Fitting estimator with 32 features.
Fitting estimator with 29 features.
Fitting estimator with 26 features.
Fitting estimator with 23 features.
Fitting estimator with 20 features.
Fitting estimator with 17 features.
Fitting estimator with 14 features.
Fitting estimator with 11 features.
The model can explain 82.3% of the variance in the test set

Inluding the Lasso linear model from the previous exercise, we now have the votes from 3 models on which features are important.

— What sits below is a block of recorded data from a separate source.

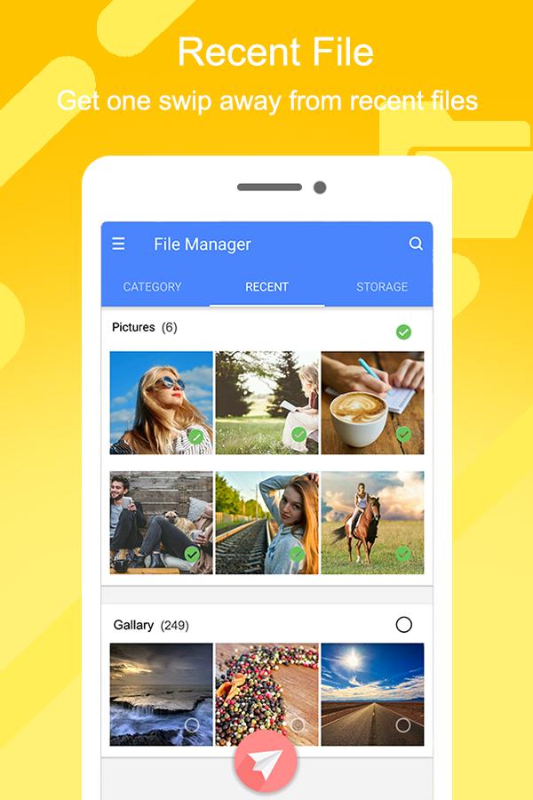 Categories: Files are organized into categories by their formats. From there, you can access to frequently used apps quickly.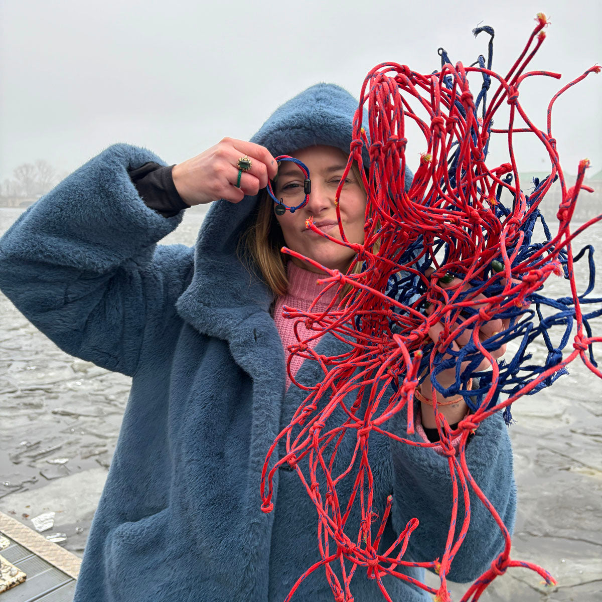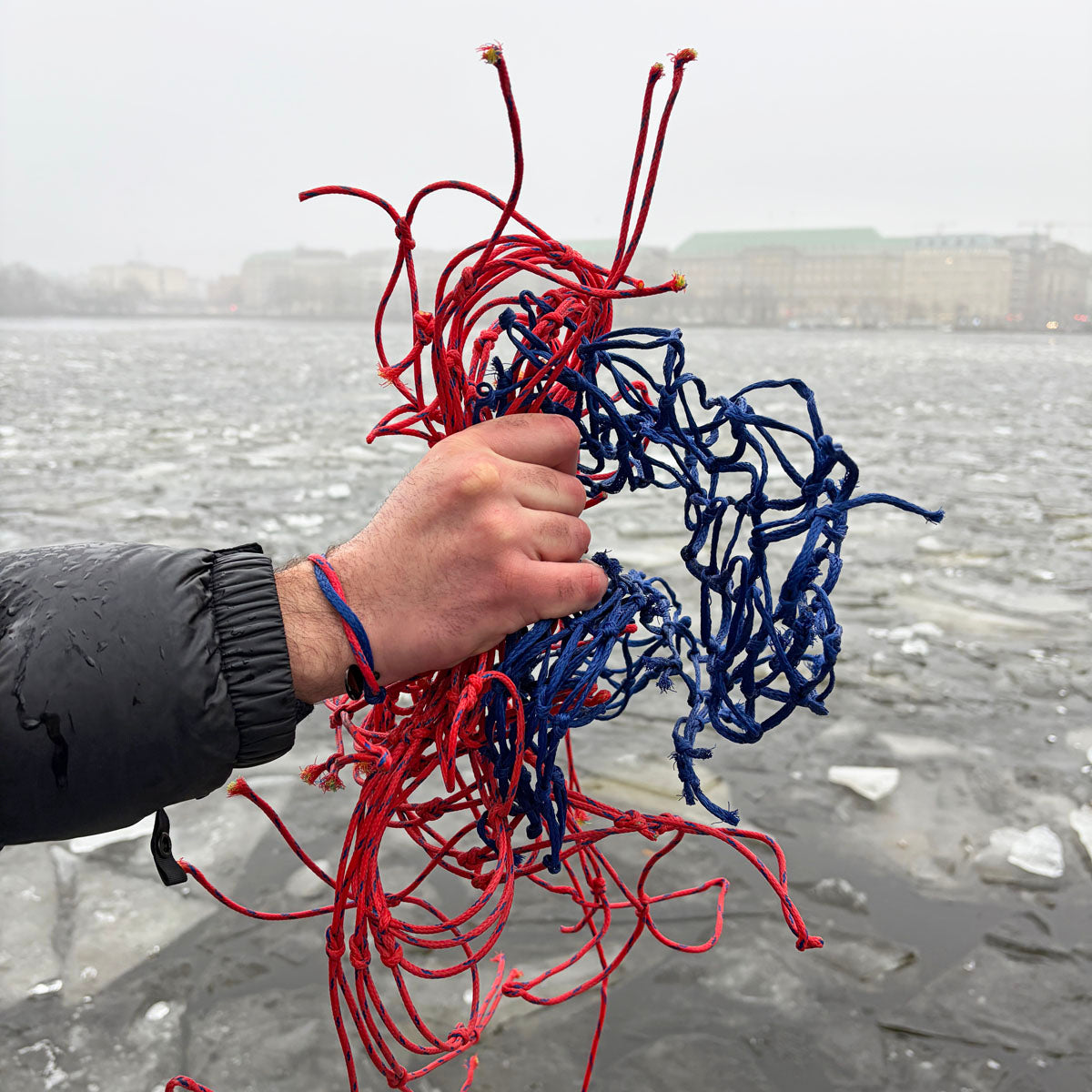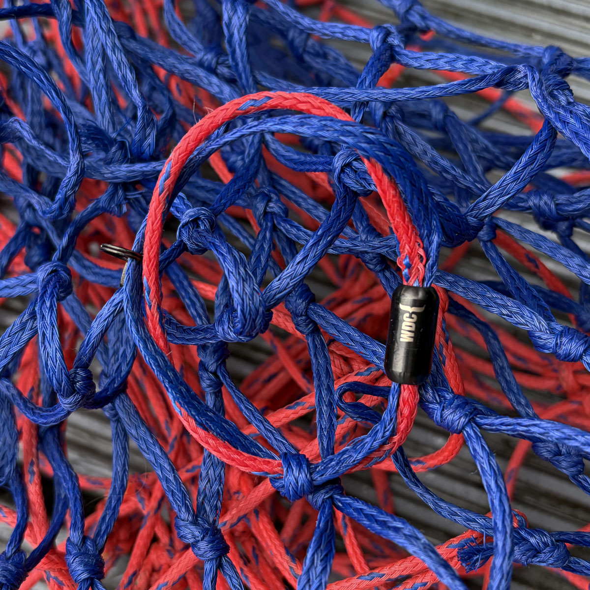 - Made from recycled fishing nets (HDPE) in red and blue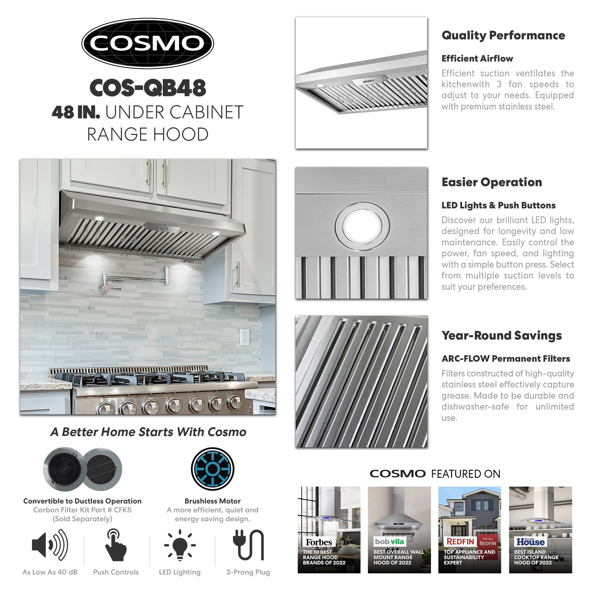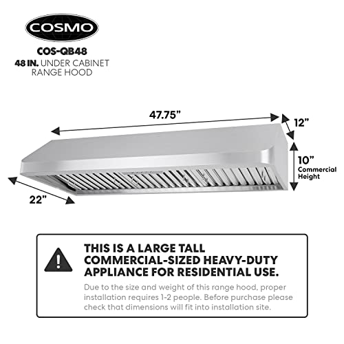 Cosmo’s COS-QB48 is the perfect choice for larger kitchens. At 48 inches, this under cabinet range hood is wide enough to handle large ranges with several burners. Housed in premium brushed stainless steel with seamless corners, this under cabinet range hood withstands high temperatures while maintaining a slim space-saving profile. Dual motors create 500 CFM of suction for efficient airflow and airborne grease and particle removal. Easy-to-use push button controls operate the 3-speed fan and bright white energy-efficient LEDs. Includes a 3-prong 120V power cord for easy installation. Part of the Haven Collection bringing enhanced functionality and design, offering a well-rounded option for those looking for more convenience and style in an appliance.

Combining 3 feature selectors

We'll combine the votes of the 3 models you built in the previous exercises, to decide which features are important into a meta mask. We'll then use this mask to reduce dimensionality and see how a simple linear regressor performs on the reduced dataset.

votes = np.sum([lcv_mask, rf_mask, gb_mask], axis=0)
print(votes)

# Create a mask for features selected by all 3 models
meta_mask = votes == 3
print(meta_mask)

# Apply the dimensionality reduction on X
X_reduced = X.loc[:, meta_mask]
print(X_reduced.columns)

[0 1 3 3 0 1 1 3 1 1 1 3 1 1 1 0 0 1 0 1 1 1 3 3 0 3 2 2 1 2 0 3]
[False False  True  True False False False  True False False False  True
 False False False False False False False False False False  True  True
 False  True False False False False False  True]
Index(['bideltoidbreadth', 'buttockcircumference', 'chestcircumference',
       'forearmcircumferenceflexed', 'shouldercircumference',
       'shoulderelbowlength', 'thighcircumference', 'BMI'],
      dtype='object')

from sklearn.linear_model import LinearRegression

lm = LinearRegression()

# Plug the reduced data into a linear regression pipeline
X_train, X_test, y_train, y_test = train_test_split(X_reduced, y, test_size=0.3, random_state=0)
lm.fit(scaler.fit_transform(X_train), y_train)
r_squared = lm.score(scaler.transform(X_test), y_test)
print('The model can explain {0:.1%} of the variance in the test set using {1:} features.'.format(r_squared, len(lm.coef_)))

The model can explain 84.0% of the variance in the test set using 8 features.

Using the votes from 3 models you were able to select just 7 features that allowed a simple linear model to get a high accuracy!